I shot him a little frown before giving the oddly named Seven-Death a smile. “It’s a pleasure to meet you. Can you tell me where the nearest exit to the mortal world is?”
“Yes,” he answered, his attention on Hunter, who kept shifting to block my view of the man until I pinched the back of his arm. “Regardless of who you are, you can’t stay. Not while One-Death is bent on restoring the Hour to what he’s used to.”
“Your brother wants to restore it?” Hunter asked, his voice neutral. “You’re not trying to take over the Hour?”
“Me?” Seven-Death laughed, and turned to gesture at his followers. “Did you hear the dragon?”
The men all laughed with him.
“No,” he said suddenly, the laughter stopping dead.
He eyed first me, then Hunter. “I don’t torment and kill anymore.
I leave that to One-Death. I’m getting ready for the upcoming season of Otherworld Drag Race.
I have a good chance of winning this year, now that I stole Ramon from that pesky Anubis. ”
One of the smaller men hustled forward, his arms filled with another white-and-gold garment that I assumed was some sort of cloak, his smile obsequious as he said, “You’re a shoo-in, my lord.
Especially since you incorporated the new Taylor Swift song into your act.
There’s simply no way the judges can refuse you! ”

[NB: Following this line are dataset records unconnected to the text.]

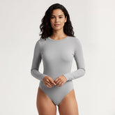 El Body Redondo Manga Larga Gris Perla está elaborado con 95% Nylon / 5% Elastano de primera calidad, elaborada con doble capa para evitar transparencias y costuras invisibles.
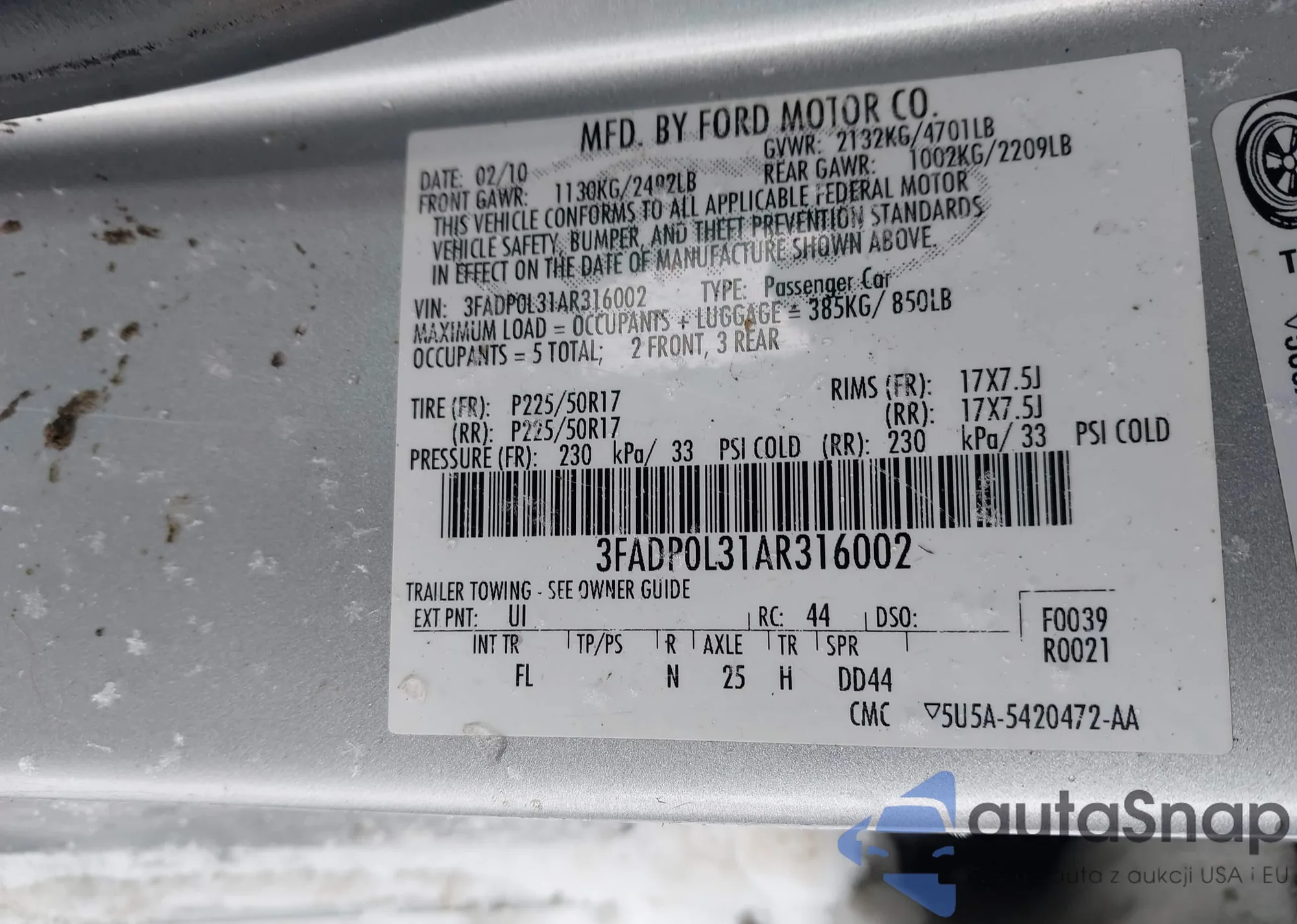Samochód Ford Fusion 2010 (VIN 3FADP0L31AR316002) nie był wcześniej licytowany. Dokumenty są czyste, przebieg odpowiada lub jest niższy niż średnia rynku. Sprzedaje go firma ubezpieczeniowa – polecamy zakup. Dostawa do portu zajmie ok. 6–8 tygodni.
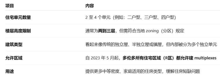 为了应对住房短缺,多伦多市政府在2023年修改了分区条例,允许在原本只能建造单户住宅的低密度社区中兴建 Multiplex。
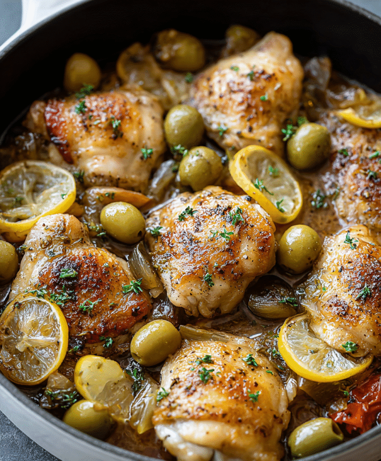 Discover this Easy Lemon Olive Chicken Thighs Recipe – a quick, one-pan dinner bursting with Mediterranean flavors. Juicy chicken thighs, tangy lemon, and flavorful olives make this a go-to weeknight meal.
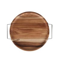 アカシア素材のラウンドトレイ アカシア トレイ ウィズ メタル ハンドル ラウンド
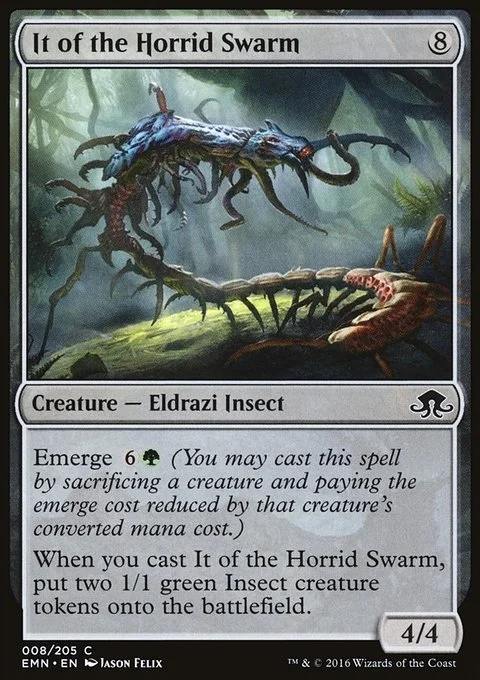 Emerge {6}{G} (You may cast this spell by sacrificing a creature and paying the emerge cost reduced by that creature's mana value.) When you cast this spell, create two 1/1 green Insect creature tokens.
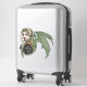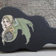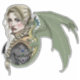 Uma mulher guerreira loura cabeleira vestindo uma armadura joalheira. um pequeno dragão verde fica no ombro do elfo loiro.
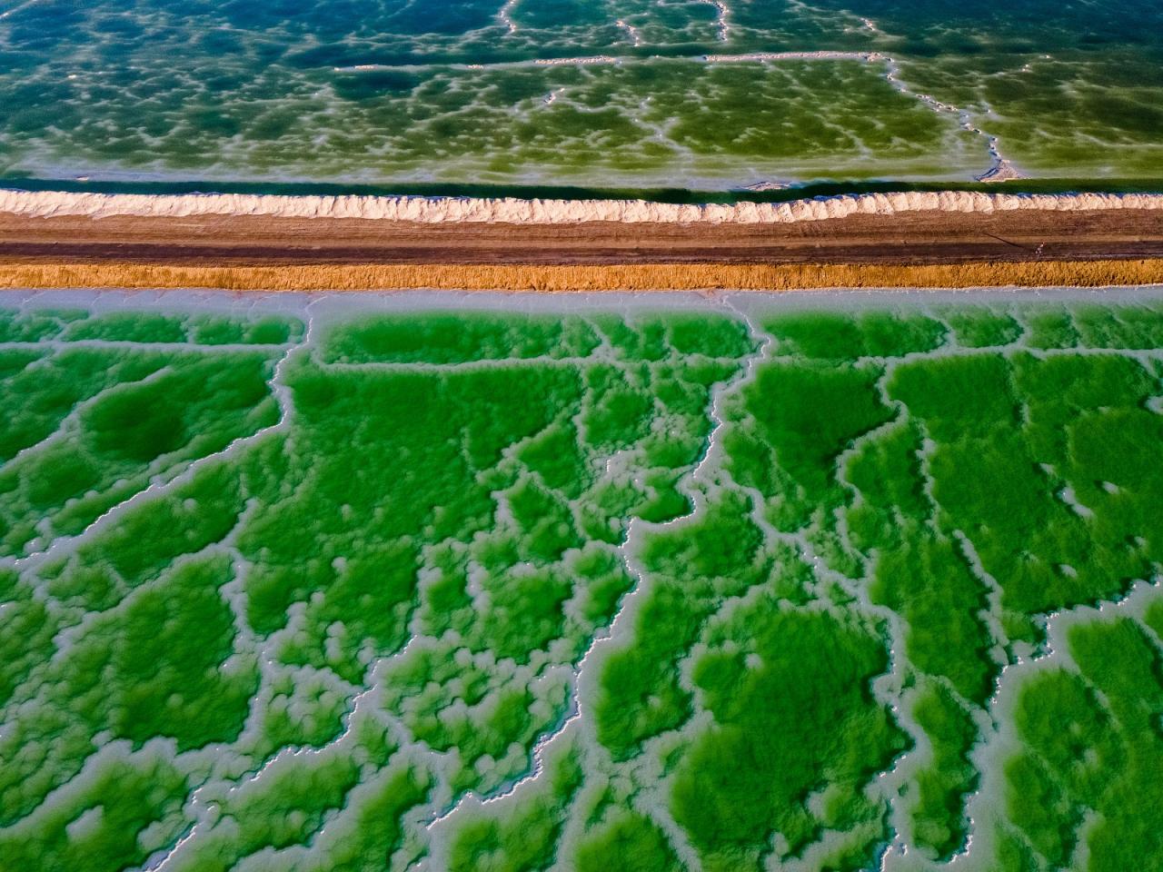 这是一处因其颜值太美近期开始越来越火的网红打卡地,它是一个人工盐湖,田字状的湖水呈现出油画色彩。湖面积约26平方公里,平均深度0.5米,属于硫酸镁亚型盐湖,经过钾肥工人十几年精心的“养颜”,水的颜色纯美剔透,如同镶嵌在戈壁的璞玉。
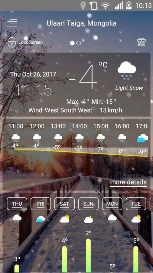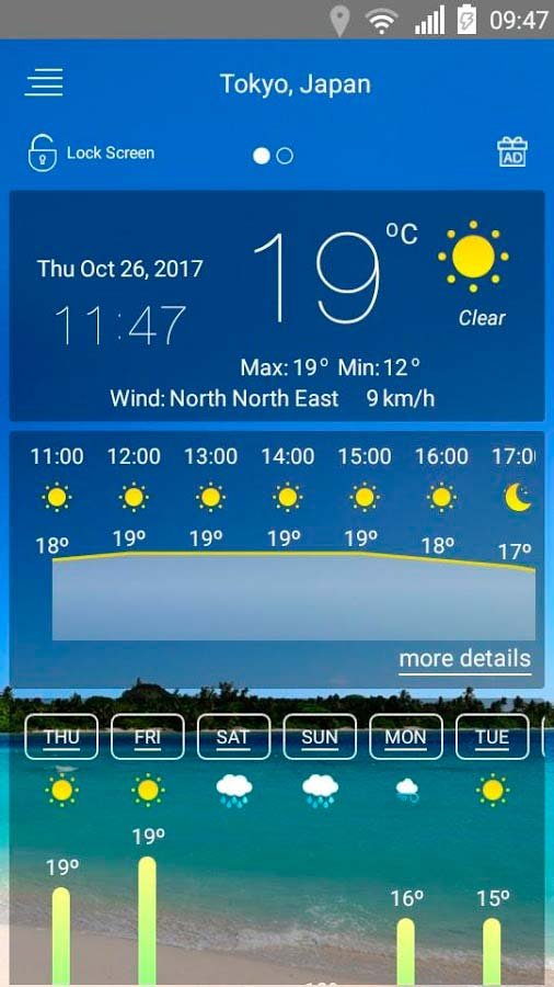 Просто подключайте свое местоположение, и приложение в автоматическом режиме предоставит для вас данные о погоде на ближайшее время. Вы сможете просматривать подробную информацию о любых изменениях в вашем регионе, районе или городе. Узнавайте про изменения температурного режима, скорости и направления ветра, атмосферном давлении и массе других показателей. Это глобальная метеорологическая система, способна доставлять информацию очень точно и в нужном регионе. Теперь вы свободно будете пользоваться собственным погодным приложением, и одеваться по погоде.

“You see?” Seven-Death said as he strolled past us. “I’m far too busy to torture you as I should. But I can’t say the same for my brother, so if you don’t want to run into him, you’d better be on your way. Andrew! Did you bring both makeup cases? I want to review our contouring plan.”
“That was odd,” I said a minute later, after Seven-Death and his followers were out of earshot.
I glanced back at them while Hunter consulted his phone.
“I mean, I’m grateful he wasn’t into murdering us, but at the same time, how do you go from that to becoming a drag performer?
Also, where are they holding the competition? I’d love to watch.”
Hunter moved forward a few steps, obviously looking at a map on his phone. “I have no idea, but at this moment, I’m more concerned with finding the woman Dawn so we can get the hell out of here. Do you—”
His eyes widened, his pupils doing a strange elongating thing before he grabbed my wrist and, with no pretense of gentleness, jerked me forward, forcing me to run.
“What the hell?” I asked, managing to turn my head enough to see behind me as he shoved me in front of him, pushing me on.